Тщетные попытки искусной рабыни дома утех разбивались о мое безразличие. Длинное, угловатое тело отказывалось, как бы то ни было, отвечать на ее ласки и поцелуи. Ни танец, ни узоры языка на бархатной коже члена так и не пробудили его к жизни. Что ж, следовало заметить – я даже не был удивлен. Со мной все шло не так, как с другими. Но узнавать правду оказалось весьма болезненно.
Привычно засунув разочарование поглубже в душу, я вышел из комнаты, и принялся спокойно смотреть на брата, упоенно трахающего трех девушек по очереди. Он мог хорошо им заплатить. Их ритмичные движения, позы, жесты не вызывали внутри ничего. Ни единого порыва.

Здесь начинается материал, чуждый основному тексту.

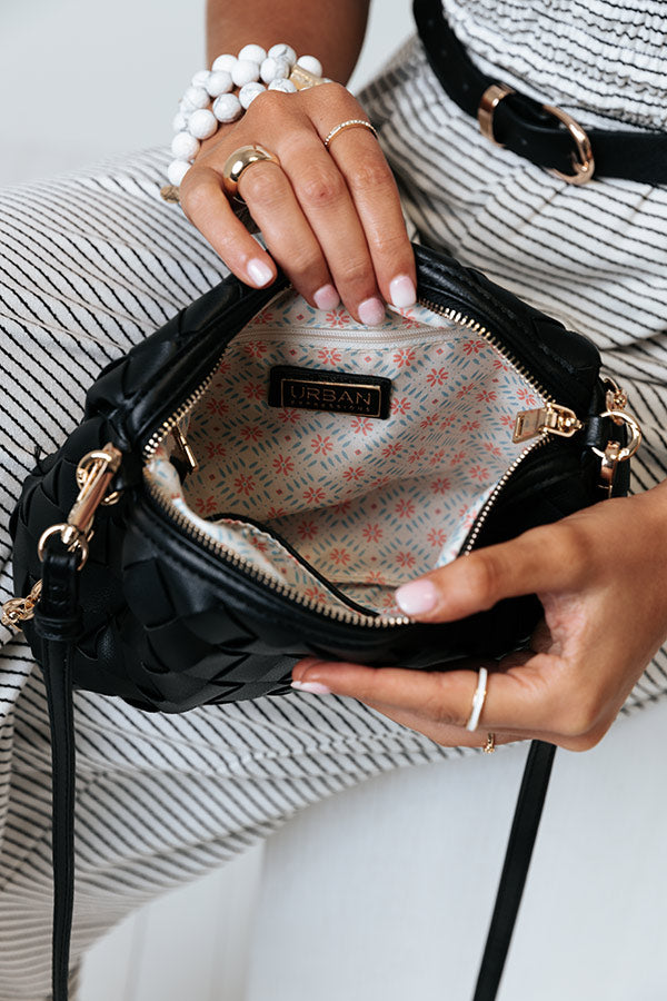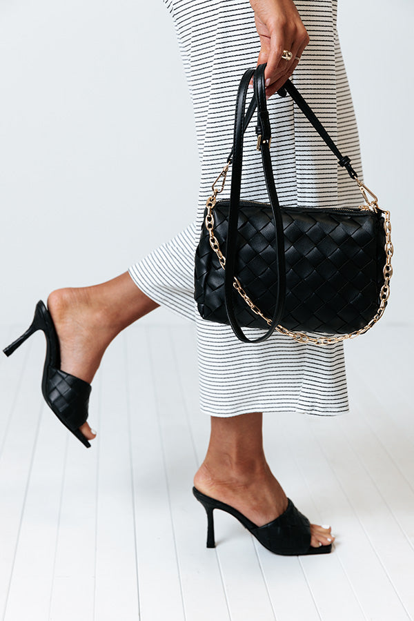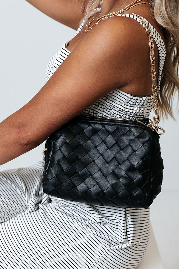 Upgrade your bag collection with our trendy black 'Charming Retreat' crossbody featuring lightweight woven faux leather material, a removable and adjustable shoulder strap, a gold chain link handle, and a spacious fully lined rectangular pouch with a zip closure and an additional inside pocket!
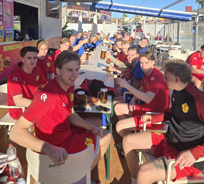 In de badplaats werd het jaarlijkse trainingskamp in een heerlijk zonnig intermezzo intensief afgewerkt met (Spaanse) vrienden maken, trainingen, potje padel, een wedstrijd, vloeibaar eten, maaltijden en veel drank & speis. De aanpak is serieus, maar er is ook gemoedelijke en verdiende ontspanning.
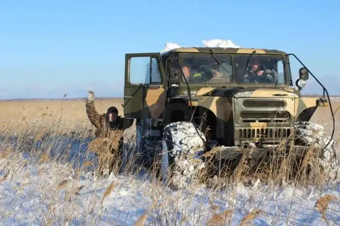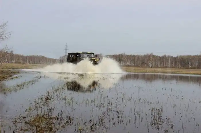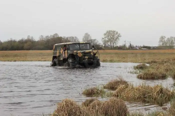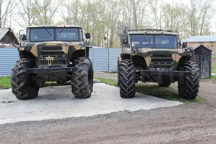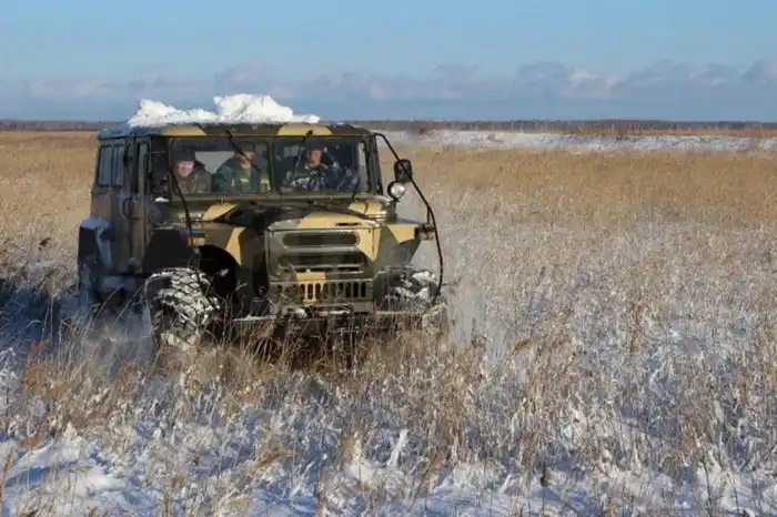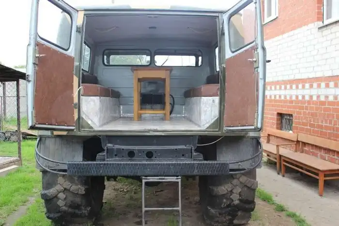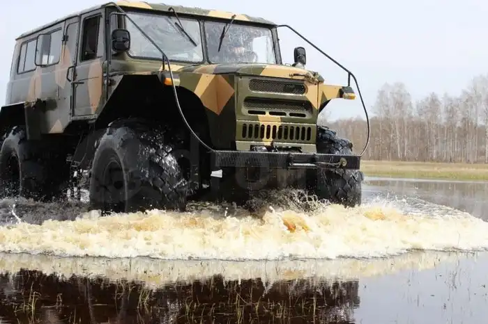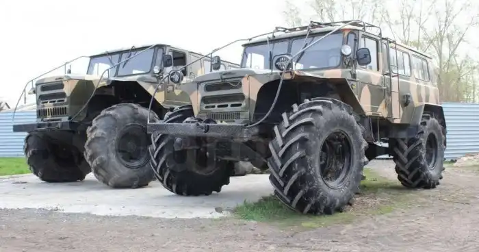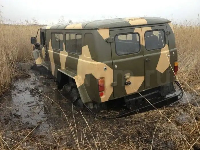 Перед вами кастомный внедорожник повышенной проходимости, построенный на базе грузовика ГАЗ-66. Автомобиль создавался специально для пересеченной местности и труднопроходимых районов, поэтому он может преодолевать не только водоемы и высокие сугробы, но даже болота. Стоит отметить, что это уже четвертый аналогичный вездеход, в котором учтены и устранены все ошибки предшественников. Автомобиль оснащен большими широкими колесами и мощным двигателем, позволяющим ему быстро передвигаться по трассе, выезжать на которые ему разрешают все необходимые документы. Прежде всего, авто создано для любителей выезжать большой компанией на рыбалку или охоту. Стоимость такого вездехода составляет 1,2 миллиона рублей.

Увидев меня, брат принялся вбиваться в тело скулящей демоницы сильнее, резче. Но быстро понял, что я остаюсь спокойным.
- Эк, Рэн. Да ты не просто смесок, ты еще и импотент, - его смех гремел под высоким мозаичным потолком залы.
- Ну что вы, господин. Возможно, он просто сегодня не в настроении, - прошептала одна из девушек, обвив бедро демона длинным хвостом с кисточкой на конце.
- Ты мне больше не брат, Рэн. Не смей показываться на глаза, - выплюнул он и яростно впился в губы сказавшей слова в мою защиту девушки.
Так, единственное существо, проявлявшее ко мне хоть какой-то интерес, отвернулось от меня.
Там, вдали от горьких и далеких воспоминаний, кто-то провел вдоль напряженного члена тканью, а потом накрыл все тело теплым и тяжелым одеялом. Сознание померкло, наконец погружая меня в столь долгожданную темноту.
Мокрый лоб потрогали чьи-то прохладные пальцы. Сколько времени прошло? День, два? Вечность?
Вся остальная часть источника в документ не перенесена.